▶ Exercise instructions:
Only the lines from the one that contains "Product Name Inductor" through the last line of the data below should be duplicated, exactly and without pictures.

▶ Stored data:
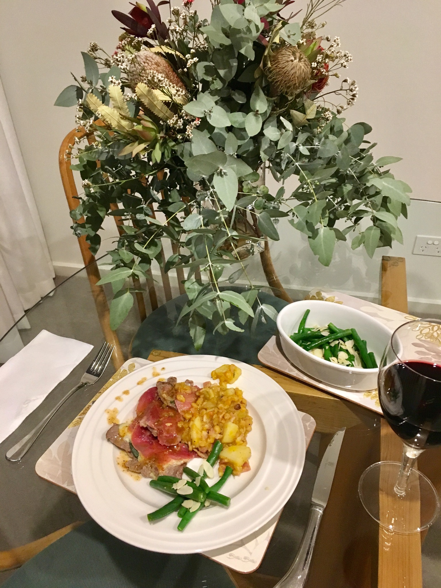 Those from countries other than Australia might find the flowers quite interesting too (if you love flowers and gardens like I do?)…the gum leaves are from a tree in local bushland reserve. I sometimes return for a walk with an old friend around the hills/reserve near our old family home (about 20 min along the highway from the centre of Canberra). It’s a pretty place to visit and often there are lots of kangaroo particularly in the morning and late afternoon; sometimes just a few metres away. I’ve been walking the bush trails quite often, especially when we had a dog, and I never saw a snake and the kangaroos always hop away if you get too close. There are some rare reports of kangaroos being aggro but if you keep your distance (just a few metres…maybe a few extra if there’s a large male) it’s all very safe to walk nearby. I’m noting this because I know that there are sensational TV reports about all our “deadly animals” and occasionally that’s what people mention when we say that we’re from Australia + it’s their reasoning for staying away! The other flowers in the arrangement are banksias (Australian flowers) and protea (Sth African but now grown extensively in Australia). This bunch looked a lot brighter/fresher a few days ago when I arranged it but nice thing about Australian/Sth African plants is that they look ok when they dry out a bit too although they went into green waste this morning😉🌿
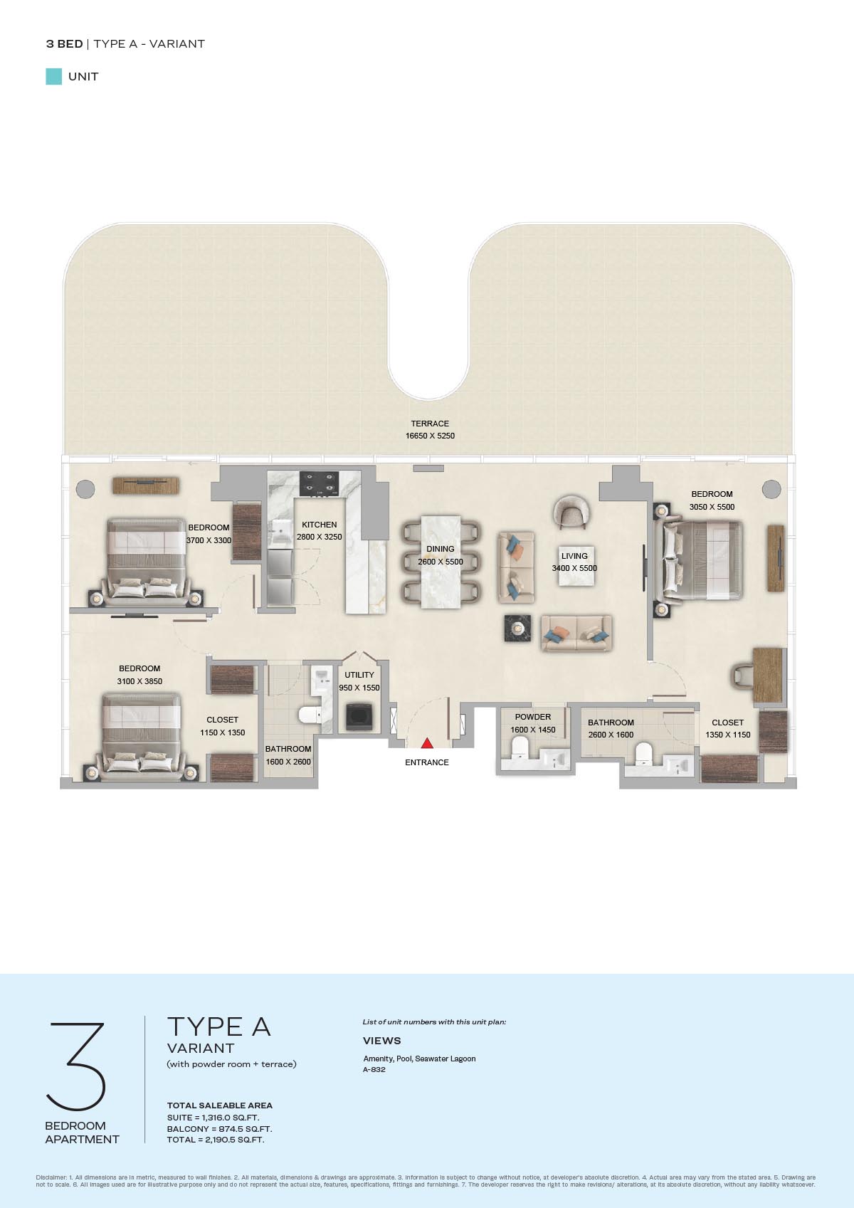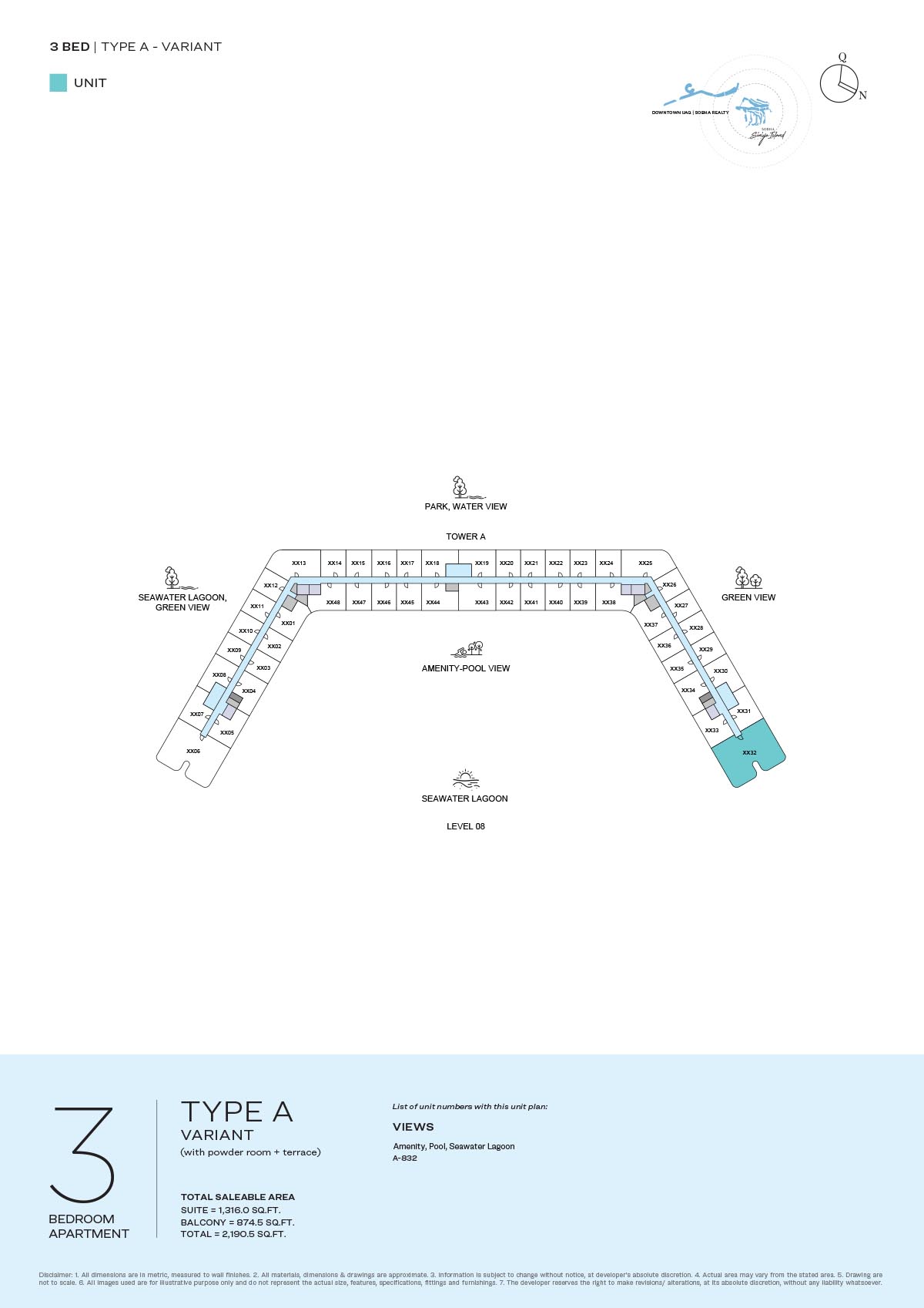 | Tower A | 3 Bedrooms | Level 08 (Type A Variant) | 2190.50 Sq Ft | Click Here |
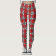 Leggings in a geometric daisy pattern in deep red / crimson on a black and white patterned background
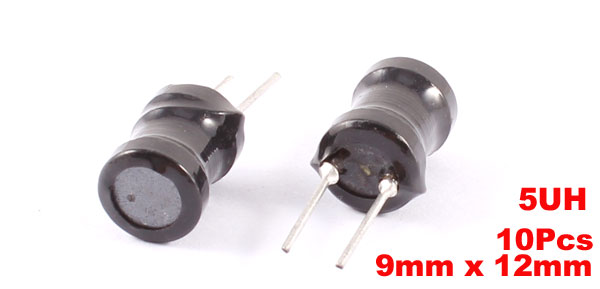 Product Name Inductor Material UL-polyolefin, Metal Inductance 5MH Body Size 9 x 12mm / 0.35" x 0.47"(D*H) Lead Distance 4mm / 0.157" Color Black, Silver Tone Weight 40g Package Content 10 x Inductors - Reviews
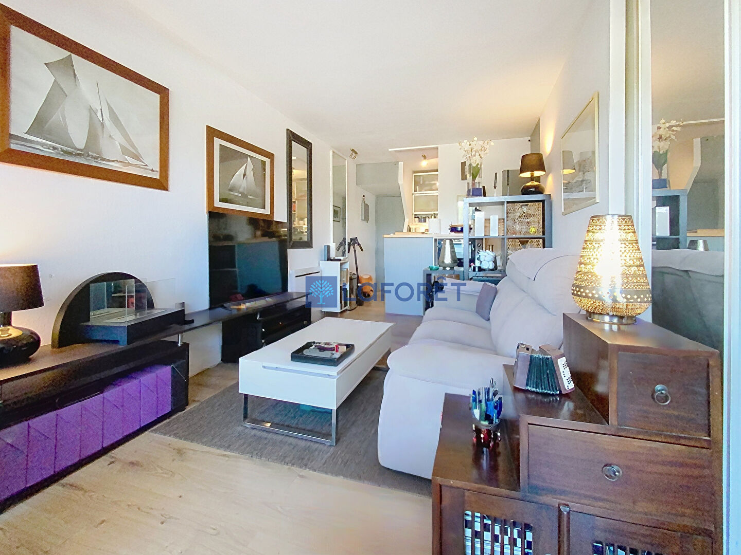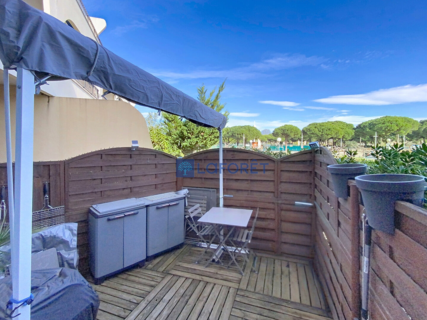 Dans une résidence avec piscine privative et parc arboré face au port de plaisance, appartement type T2 en rez-de-chaussée comprenant une entrée, une cuisine ouverte équipée, une pièce à vivre ouvrant sur une terrasse de 12m² clôturée, une chambre, un dressing,, une salle de bains et un WC séparé.
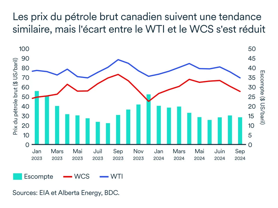 L’écart entre le Western Canadian Select (WCS) et le West Texas Intermeidate (WTI) était d’environ 12$ US en octobre 2024, une amélioration considérable par rapport à la même période l’an dernier alors qu’il était plus près des 25$ US.

▶ Exercise answer:
 Product Name Inductor Material UL-polyolefin, Metal Inductance 5MH Body Size 9 x 12mm / 0.35" x 0.47"(D*H) Lead Distance 4mm / 0.157" Color Black, Silver Tone Weight 40g Package Content 10 x Inductors - Reviews
 Dans une résidence avec piscine privative et parc arboré face au port de plaisance, appartement type T2 en rez-de-chaussée comprenant une entrée, une cuisine ouverte équipée, une pièce à vivre ouvrant sur une terrasse de 12m² clôturée, une chambre, un dressing,, une salle de bains et un WC séparé.
 L’écart entre le Western Canadian Select (WCS) et le West Texas Intermeidate (WTI) était d’environ 12$ US en octobre 2024, une amélioration considérable par rapport à la même période l’an dernier alors qu’il était plus près des 25$ US.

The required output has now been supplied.